The couple had been married for 60 years & clearly, they were still very much in love.
While the wife was in the kitchen, the man asked his frind, “I think it’s wonderful that after all these years you still call your wife those loving pet names.”
The old man hung his head,”I have to tell you the truth,”he said,”her name slipped my mind about 10 yrs ago and i m scared to death to ask what it is….
Related SMS:
- Destiny wasn8217t invited here but here he
Destiny Wasn’t Invited Here, But Here He Came. Karma. You Came Like A Stranger, You......
- 0ve and death are two un invited guests
£0ve and death are two un-invited guests, when they come n0body kn0ws, ßut ß0th d0......
- A gentleman need not know latin but
A gentleman need not know Latin, but he should at least have forgotten it. ~Brander......
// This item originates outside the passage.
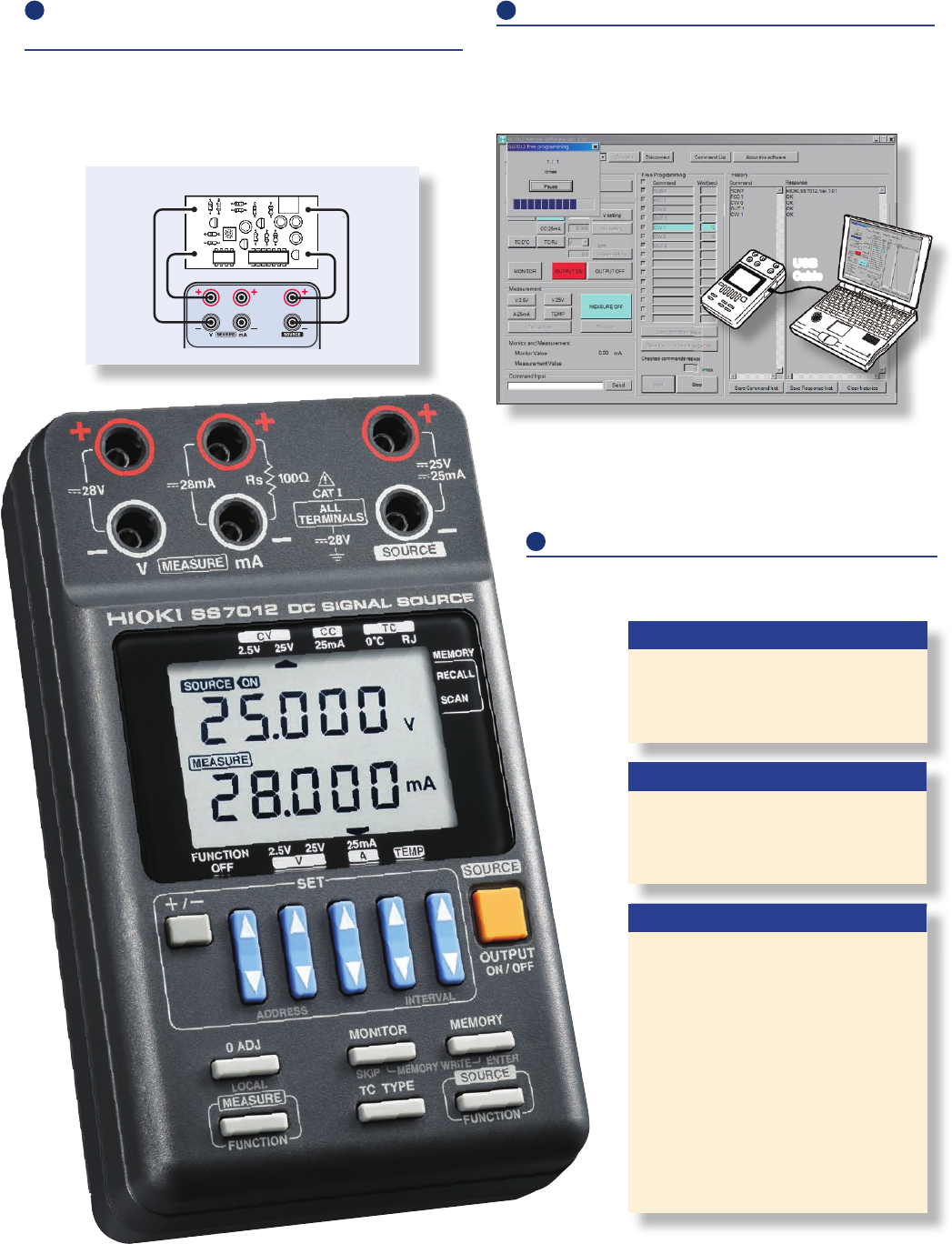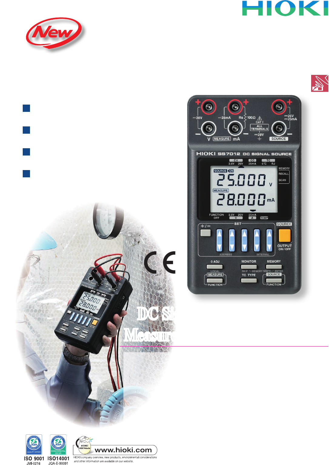 DC SI GNAL S OUR CE Signal Source & Calibrator SS 7 0 12 DC S ig n al S o ur ce S u p p l ies a n d M eas ur es Si gn als S i m ulta n eo u s ly The HIOK I DC SIGNA L SOURCE SS701 2 c a n b e u s e d n o t o n l y f …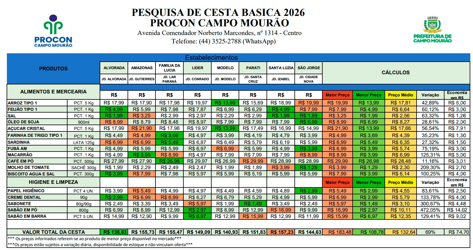 O diretor do Procon, Edilson Moreira Cordeiro, lembrou que os preços informados se referem ao produto de menor preço disponível no mercado no momento da coleta, e que os valores podem variar diariamente, conforme estoque e política de cada estabelecimento. Ele também destacou a importância da pesquisa de preços pelo consumidor no momento da compra.

- Tea although an oriental is a gentleman
Tea, although an Oriental Is a gentleman at least; Cocoa is a cad and coward,......
- Husband i hav invited a friend home
Husband: I hav invited a friend home for Sunday Lunch. Wife: But why, the house......
- Saint patrick was a gentleman who through
Saint Patrick was a gentleman, who through strategy and stealth Drove all the snakes from......
- A smoker was smoking on airport gentleman
A Smoker Was Smoking on Airport: A Gentleman Arrived And Asked Him: 1 Din Me......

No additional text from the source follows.